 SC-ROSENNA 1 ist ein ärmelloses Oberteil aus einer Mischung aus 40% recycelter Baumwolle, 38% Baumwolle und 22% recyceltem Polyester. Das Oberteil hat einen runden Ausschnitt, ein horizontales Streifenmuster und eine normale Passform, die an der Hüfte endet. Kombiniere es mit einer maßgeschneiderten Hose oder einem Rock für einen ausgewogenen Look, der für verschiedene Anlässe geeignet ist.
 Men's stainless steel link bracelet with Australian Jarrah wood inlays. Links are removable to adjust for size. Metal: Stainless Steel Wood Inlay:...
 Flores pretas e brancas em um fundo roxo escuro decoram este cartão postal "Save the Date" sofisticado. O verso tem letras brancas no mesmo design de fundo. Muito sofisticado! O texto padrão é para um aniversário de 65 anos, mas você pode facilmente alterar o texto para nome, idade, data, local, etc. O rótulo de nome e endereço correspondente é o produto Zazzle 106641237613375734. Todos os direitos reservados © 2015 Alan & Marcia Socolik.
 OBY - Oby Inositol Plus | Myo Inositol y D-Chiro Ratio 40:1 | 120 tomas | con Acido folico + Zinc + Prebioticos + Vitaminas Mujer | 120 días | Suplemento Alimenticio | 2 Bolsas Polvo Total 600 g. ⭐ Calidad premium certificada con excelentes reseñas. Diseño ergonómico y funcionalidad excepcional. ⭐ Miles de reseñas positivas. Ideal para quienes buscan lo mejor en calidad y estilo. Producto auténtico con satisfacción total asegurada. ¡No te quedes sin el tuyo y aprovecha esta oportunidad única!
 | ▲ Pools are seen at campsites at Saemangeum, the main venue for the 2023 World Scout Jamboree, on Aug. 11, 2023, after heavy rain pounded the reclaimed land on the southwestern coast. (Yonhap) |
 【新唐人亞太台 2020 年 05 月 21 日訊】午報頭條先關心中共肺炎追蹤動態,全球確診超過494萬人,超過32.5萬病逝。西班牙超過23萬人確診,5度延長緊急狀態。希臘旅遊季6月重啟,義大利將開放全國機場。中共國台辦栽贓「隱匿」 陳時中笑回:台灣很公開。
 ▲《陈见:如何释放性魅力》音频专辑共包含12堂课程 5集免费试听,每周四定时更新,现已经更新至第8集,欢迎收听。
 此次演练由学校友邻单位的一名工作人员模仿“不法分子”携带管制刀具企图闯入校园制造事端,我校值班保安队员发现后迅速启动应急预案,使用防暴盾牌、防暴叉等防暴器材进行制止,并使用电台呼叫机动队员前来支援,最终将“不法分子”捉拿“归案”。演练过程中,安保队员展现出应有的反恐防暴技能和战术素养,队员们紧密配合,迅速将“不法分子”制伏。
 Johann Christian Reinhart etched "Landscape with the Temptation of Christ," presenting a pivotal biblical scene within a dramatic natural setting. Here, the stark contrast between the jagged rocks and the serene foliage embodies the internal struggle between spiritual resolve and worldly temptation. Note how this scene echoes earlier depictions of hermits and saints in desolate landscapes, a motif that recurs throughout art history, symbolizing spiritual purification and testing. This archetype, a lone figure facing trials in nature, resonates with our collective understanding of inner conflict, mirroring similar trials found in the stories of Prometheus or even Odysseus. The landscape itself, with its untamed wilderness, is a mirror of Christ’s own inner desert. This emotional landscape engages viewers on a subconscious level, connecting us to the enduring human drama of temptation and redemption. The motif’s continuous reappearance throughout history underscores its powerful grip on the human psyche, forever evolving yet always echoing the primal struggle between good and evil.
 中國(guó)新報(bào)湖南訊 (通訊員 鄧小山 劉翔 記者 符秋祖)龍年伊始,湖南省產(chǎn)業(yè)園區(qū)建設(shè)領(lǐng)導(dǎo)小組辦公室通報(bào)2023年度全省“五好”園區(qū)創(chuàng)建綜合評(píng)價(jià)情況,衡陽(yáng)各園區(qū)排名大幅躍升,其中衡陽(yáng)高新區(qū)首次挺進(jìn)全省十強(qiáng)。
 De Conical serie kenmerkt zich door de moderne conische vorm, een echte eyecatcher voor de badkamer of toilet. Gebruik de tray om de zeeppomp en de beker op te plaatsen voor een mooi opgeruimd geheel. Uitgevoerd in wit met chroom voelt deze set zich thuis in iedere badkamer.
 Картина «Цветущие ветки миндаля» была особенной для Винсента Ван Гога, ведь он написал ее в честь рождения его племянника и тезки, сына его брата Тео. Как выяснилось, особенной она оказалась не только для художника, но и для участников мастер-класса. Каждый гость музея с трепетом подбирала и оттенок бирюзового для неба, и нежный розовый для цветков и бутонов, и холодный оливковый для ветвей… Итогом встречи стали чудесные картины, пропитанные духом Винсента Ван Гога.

______________________________

◆ Work instructions: Reproduce only the lines from the top of the material through the one bearing "Flores pretas e", each exactly as it stands.

◆ Result for this exercise:
 SC-ROSENNA 1 ist ein ärmelloses Oberteil aus einer Mischung aus 40% recycelter Baumwolle, 38% Baumwolle und 22% recyceltem Polyester. Das Oberteil hat einen runden Ausschnitt, ein horizontales Streifenmuster und eine normale Passform, die an der Hüfte endet. Kombiniere es mit einer maßgeschneiderten Hose oder einem Rock für einen ausgewogenen Look, der für verschiedene Anlässe geeignet ist.
 Men's stainless steel link bracelet with Australian Jarrah wood inlays. Links are removable to adjust for size. Metal: Stainless Steel Wood Inlay:...
 Flores pretas e brancas em um fundo roxo escuro decoram este cartão postal "Save the Date" sofisticado. O verso tem letras brancas no mesmo design de fundo. Muito sofisticado! O texto padrão é para um aniversário de 65 anos, mas você pode facilmente alterar o texto para nome, idade, data, local, etc. O rótulo de nome e endereço correspondente é o produto Zazzle 106641237613375734. Todos os direitos reservados © 2015 Alan & Marcia Socolik.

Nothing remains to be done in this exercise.